Damascus has expressed its support for a truce during the Muslim Eid al-Adha holiday, which starts Thursday and lasts three or four days, said Lakhdar Brahimi, the United Nations-Arab League Special Representative for Syria. “Other factions in Syria that we were able to contact, heads of fighting groups, most of them also agree on the principle of the cease-fire,” he said in Cairo, according to news reports.

Syria’s foreign ministry later said Syria’s government would announce its “final position” on Thursday.

The U.N. Security Council backed Mr. Brahimi’s initiative in a nonbinding press statement Wednesday. Members including Russia—Syria’s main ally on the council—”welcome the important and timely initiative” and “called upon all regional and international actors to use their influence on the parties concerned to facilitate the implementation of the cease-fire and cessation of violence.” Significantly, the statement held Syria’s government primarily accountable—”as the stronger party”—for enforcing a truce.

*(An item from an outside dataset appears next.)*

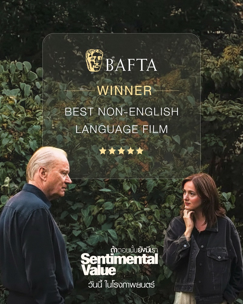 ฤดูกาลประกาศรางวัลภาพยนตร์ระดับโลกได้จารึกประวัติศาสตร์หน้าใหม่อีกครั้ง เมื่อภาพยนตร์ดราม่าแสนงดงามอย่าง “Sentimental Value ถ้าตอนนั้นยังมีเรา“ ผลงานการกำกับชิ้นเอกของ “ยัวคิม เทรียร์” ได้ก้าวขึ้นเวทีอันทรงเกียรติแห่งเกาะอังกฤษ และคว้ารางวัลใหญ่จากเวที “BAFTA 2026” หรือ “British Academy Film Awards ครั้งที่ 79” ในสาขา “ภาพยนตร์ภาษาต่างประเทศยอดเยี่ยม” (Best Film Not in the English Language) มาครองได้อย่างสมศักดิ์ศรี ท่ามกลางเสียงปรบมือที่ดังกึกก้องจากผู้คนในวงการภาพยนตร์โลก

The last internationally brokered cease-fire in Syria, led by former special envoy Kofi Annan, collapsed after holding for a few days in April. That cease-fire—which called for a simultaneous halt in fighting—tempered violence for about a month before fighting surged and spread across the country. Both sides accused each other of using the temporary lull in violence to regroup. Syria’s government said rebels began to amass weapons at the time.

Since then, the rebels grouped under the Free Syrian Army have grown into a more sophisticated insurgency. But they are fractured across Syria into localized fighting units. That makes negotiating with the growing number of rebel leaders more task than before, people involved in the U.N. and Arab diplomatic effort say. Few rebel groups are willing to entertain a cease-fire, these people say.

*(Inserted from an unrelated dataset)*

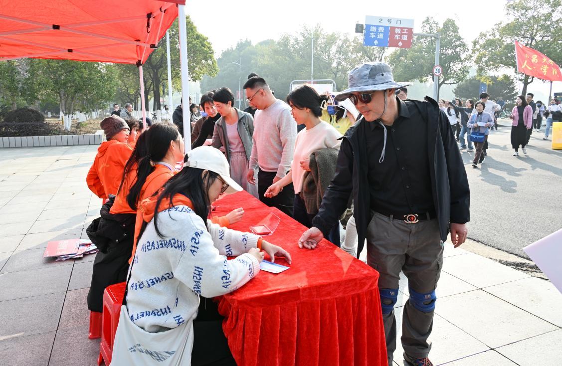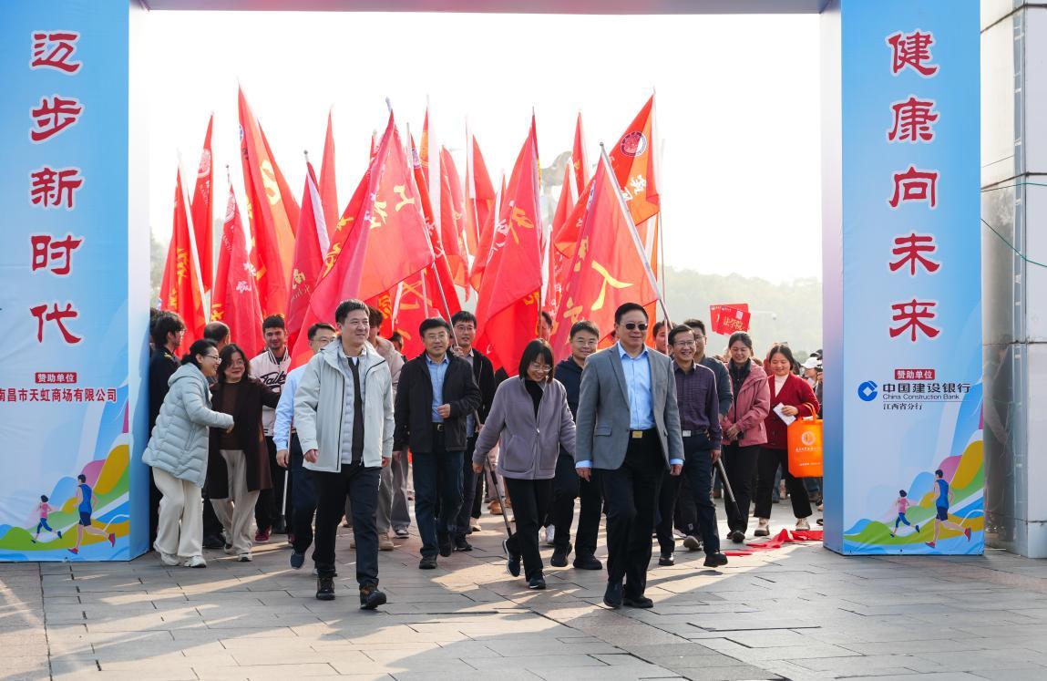 校党委书记罗嗣海、副校长葛刚、平卫英,学术副校长董安平,校党委常委刘建光、徐亮、谈振兴,建行江西省分行党委委员、副行长兼南昌分行党委书记、行长张军,建行南昌分行党委委员、副行长敖松林与近2400名教职工从前湖校区学府大道正门出发,启程香樟校园之旅。

The number of groups tallying the toll of Syria’s conflict has dwindled as the pace of killings picked up. The United Nations stopped its count in August. One widely cited tally comes from a U.K.-based opposition group called the Syrian Observatory for Human Rights, which this week said 34,000 people have been killed.

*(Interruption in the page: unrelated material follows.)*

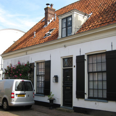 Laag gepleisterd hoekpand met rechte kroonlijst. Dakkapel.

Douma, a majority Sunni town about seven miles northeast of Damascus, has seen multiple offensives by the Syrian army, including one over the summer.

One resident reached briefly in Douma said pro-regime thugs, known colloquially as shabeeha, and security forces were behind the latest killings there. Another resident, an activist, said they targeted civilian homes.

“There was no reason for this massacre. The fighters weren’t even in the vicinity,” said a man who gave his name only as Mahmoud.

By nightfall, Douma was hit with a barrage of mortars, rockets and artillery from government forces stationed on the outskirts of town, said activists from the opposition’s Local Coordination Committees. They said a total of at least 40 people, including what they said were 30 in the alleged massacre, have been killed there since Tuesday.

Separately, at least four people were killed and 11 wounded in a car bomb in the neighborhood of Tadamoun on the south side of Damascus, Syrian state media said. The area, which is adjacent to a Palestinian refugee camp, is among the most volatile in the capital. Photos released by Syrian state media showed an incinerated bus purportedly hit in the bombing.

Syria’s government blamed Tuesday’s killings in Douma on “terrorist armed groups,” the term it usually uses to refer to antiregime rebels. In a letter to the U.N. Security Council and other U.N. bodies, Syria’s foreign ministry said a rebel group known as Liwa al-Islam, or the Islam Brigade, was responsible for massacring 25 people including women, children and elderly people. The government identified by name what it said were the six affected families; the names were different than those identified by rebels.Syria’s foreign ministry demanded the international groups take a stand against the massacre. It said the killings—like previous massacres this year in Homs, Hama and the Damascussuburbs—were carried out by the rebels to discredit the government ahead of U.N. Security Council deliberations over Syria, according to the letter, which was cited by Sana state news agency. The Syrian foreign ministry also said that no members of the army or security forces were present near the site of the massacre, adding this was proof of the rebels’ culpability.